Chaque soir, au moment du coucher, le baiser de da mère aide le petit Marcel à s’endormir. Toutefois, le moment où il entend sa mère monter vers sa chambre est aussi un moment douloureux, puisque le petit ressent déjà la souffrance du détachement. Donc, d’un coté, l’enfant a peur de rester seul avec son insomnie et a besoin du baiser de la mère pour réussir à s’endormir ; de l’autre, sa mère reste si peu de temps dans sa chambre que l’idée du détachement le fait déjà souffrir. Donc la relation de Marcel avec sa mère est morbide et névrosée ; on pourrait parler de complexe Œdipien. L’attachement excessif de Marcel vers sa mère se révèle même au moment où il l’attend ; en effet il entend les bruits le plus légers, comme celui de sa robe.

Quelquefois, après avoir reçu le baiser, l’enfant voudrait appeler de nouveau sa mère pour en avoir un autre ; mais il sait que cela la fâcherait, car son père déteste ce rituel et le considère absurde. Donc, le père, qui peut-être voudrait avoir un enfant plus virile, est vu comme un obstacle. Or, si l’enfant voyait sa mère fâchée, la tranquillité et la paix que son baiser lui ont transmises disparaitraient, voila pourquoi il évite de lui demander d’être embrassé encore une fois.

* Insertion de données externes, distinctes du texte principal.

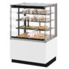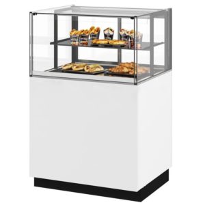 4 niveaux de présentation, dont 3 étagères affinées en verre, réglables en hauteur et en inclinaison. Eclairage LED sur chaque niveau, restituant les couleurs naturelles des produits exposés. Surface d’exposition optimisée à 2,19 m², pour une capacité de 30% supérieure à des vitrines de même longueur. Conception étudiée pour permettre une vue panoramique totale sur les produits pour le client: 4 faces et dessus vitrés, portes vitrées coulissantes à fermeture amortie à l’arrière, pas de montants de jonction d’angle des vitres occultant une partie de la vision. Utilisation de verre thermique favorisant l’isolation de la vitrine pour un maintien de température constant des produits sur une longue durée, tout en limitant la consommation d’énergie et les risques de gaspillage des produits.

On comprend que le baiser de la mère est fondamentale pour le petit Marcel parce qu’il le définit comme la seule consolation à sa tristesse et à son agitation ; en plus il le compare a une hostie qu’il reçoit comme dans une « communion de paix ».
Toutefois, quand il y a des invités (souvent il s’agit de M. Swann) le rituel du baiser n’a pas lieu. Pour l’enfant, les soirs où sa mère reste si peu de temps dans sa chambre sont doux en comparaison à ceux où il y a des invités à diner.